Текст книги "Синухе-египтянин"
Автор книги: Мика Валтари
Жанр: Историческая литература, Современная проза
Возрастные ограничения: +16
сообщить о неприемлемом содержимом
Текущая страница: 13 (всего у книги 61 страниц) [доступный отрывок для чтения: 20 страниц]
Освободившись от этой женщины, я почувствовал, как сердце мое запрыгало птицей, глаза возжаждали поглядеть на что-нибудь новое, и желание увидеть свет стало гнать меня вон из Симиры. Пришла весна, суда в гавани готовились к дальним плаваниям, а жрецы, едва только земля зазеленела, отправились за город, чтобы выкопать своего бога Таммуза, которого они осенью похоронили, громко стеная и раздирая себе тело в кровь.
Снедаемый нетерпением, я вместе с людскими толпами последовал за жрецами. Земля была покрыта яркой зеленью, на деревьях лопались почки, ворковали голуби, и на болотах громко квакали лягушки. Жрецы откатили камень с могилы, выкопали бога и восторженными кликами возвестили, что Таммуз воскрес. Весь народ присоединился к их ликованию, стал кричать, шуметь и ломать ветки, а в кабачках, которые торговцы на скорую руку соорудили вокруг могилы, полились пиво и вино. Женщины, не помня себя от радости, приволокли на колеснице огромный деревянный фаллос, а когда наступила ночь, сбросили одежды и разбежались по лугам, не заботясь о том, замужем они или нет. Ликуя, каждая соединялась с первым же встречным, так что луга и горные склоны скоро наполнились любовными стонами. Во всем этом они тоже отличались от египтян. Глядя на них, я почувствовал зависть и подумал, что, должно быть, родился старым, раз моя родина старше всех других стран, а молодые народы служат своим богам, совершая то, что богам угодно.

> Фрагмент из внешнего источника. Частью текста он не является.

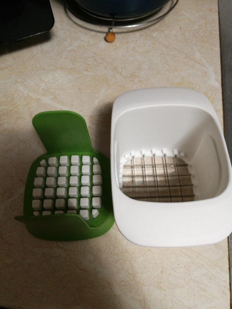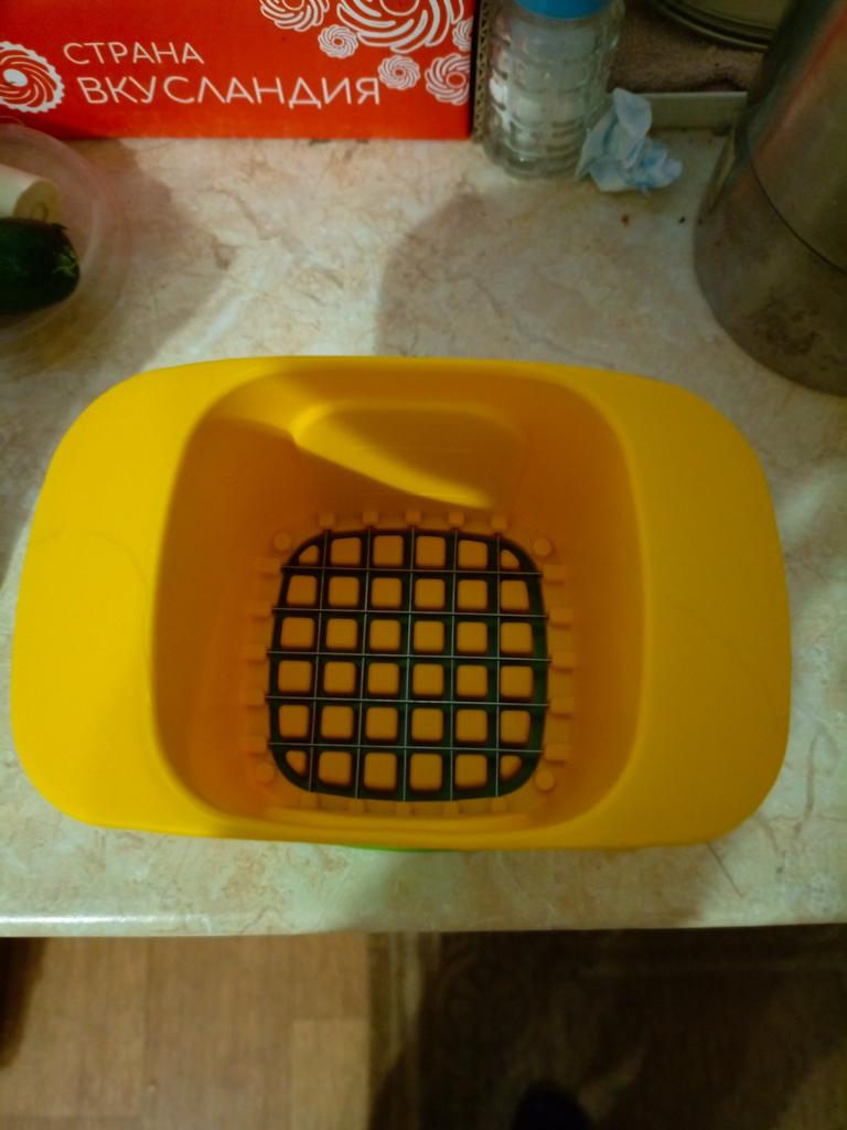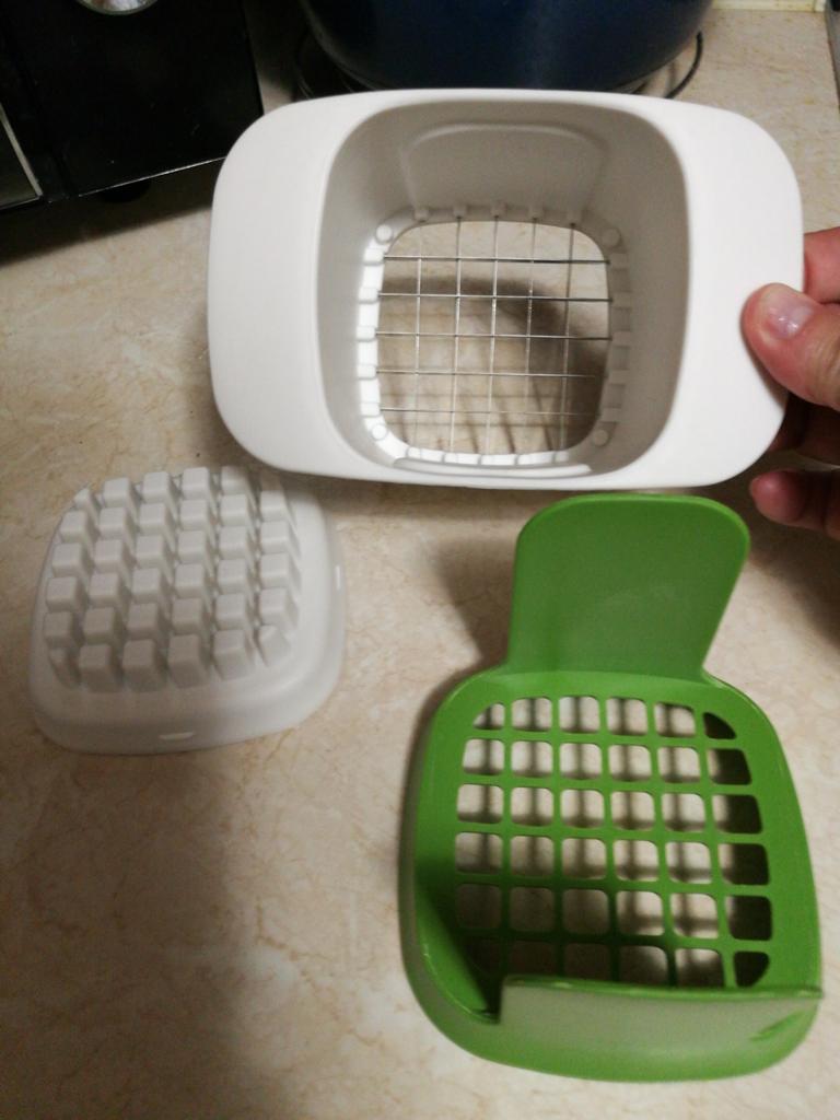 Zajímavé zařízení. Okurku, cibuli, ředkvičky a cuketu nakrájím na kostičky. Všechno je skvělé. Vařené vejce jsem vůbec nekrájel na velkou kostku (!) - bylo rozdrcené a nože byly ve vejci všechny špinavé, že je myčka nemohla umýt! Moje oblíbená část bylo krájení nových brambor hranolkem na smažení. Je to snadné a rychlé.))

Но весна принесла с собой и недобрую весть: из пустыни на сирийские земли пришли хабири, они движутся с севера на юг, грабят приграничные селения, сжигают деревни и осаждают города. Навстречу им из Таниса через Синайскую пустыню прибыли полки фараона и вступили с ними в бой, они взяли в плен предводителя хабири и прогнали захватчиков обратно в пустыню. Такие нашествия с давних пор случались каждую весну, но на этот раз жители Симиры были обеспокоены, ибо хабири ограбили город Катна, где стоял египетский гарнизон, убили местного царя и изрубили мечами всех египтян, даже детей и женщин, не взяв их в плен, чтобы потом получить за них выкуп, а такого не бывало ни на чьей памяти – обычно хабири избегали городов, где стоят египетские войска.

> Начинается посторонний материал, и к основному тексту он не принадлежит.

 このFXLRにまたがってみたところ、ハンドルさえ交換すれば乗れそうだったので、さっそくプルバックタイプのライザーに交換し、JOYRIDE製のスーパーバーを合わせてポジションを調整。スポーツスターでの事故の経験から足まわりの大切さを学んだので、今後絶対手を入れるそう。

Так в Сирии вспыхнула война, а поскольку мне, никогда ее не видавшему, хотелось узнать, что это такое и может ли она чему-нибудь меня научить, я отправился к войскам фараона. Я хотел также поупражняться во врачевании ран, наносимых оружием. Но особенно меня соблазнило то, что отрядами фараона командовал Хоремхеб, а я в своем одиночестве жаждал увидеть лицо друга и услышать его голос. Вместе с тем я опасался, что Хоремхеб, стыдясь моих поступков, не захочет меня узнать. Правда, за последние два года случилось столько разных событий, что сердце мое, наверное, зачерствело, поскольку от воспоминаний о совершенном меня уже не сжигал прежний стыд. Поэтому я сел на корабль и поплыл к югу вдоль побережья, а потом примкнул к отрядам, доставлявшим продовольствие вглубь страны. На повозках с зерном, влачимых быками, или на мулах, нагруженных мешками лука и кувшинами с вином и маслом, я добрался до места. Это был небольшой, окруженный стенами грязный городишко на вершине горы, называвшийся Иерусалимом. Там стоял маленький египетский отряд, и Хоремхеб основал в этом городе свою ставку. Слухи о могуществе войск фараона, распространявшиеся в Симире, оказались сильно преувеличенными, ибо под командой Хоремхеба находился только отряд колесничих и тысячи две воинов, вооруженных луками и копьями, а полчища хабири, как утверждали, превосходят численность песчинок в пустыне.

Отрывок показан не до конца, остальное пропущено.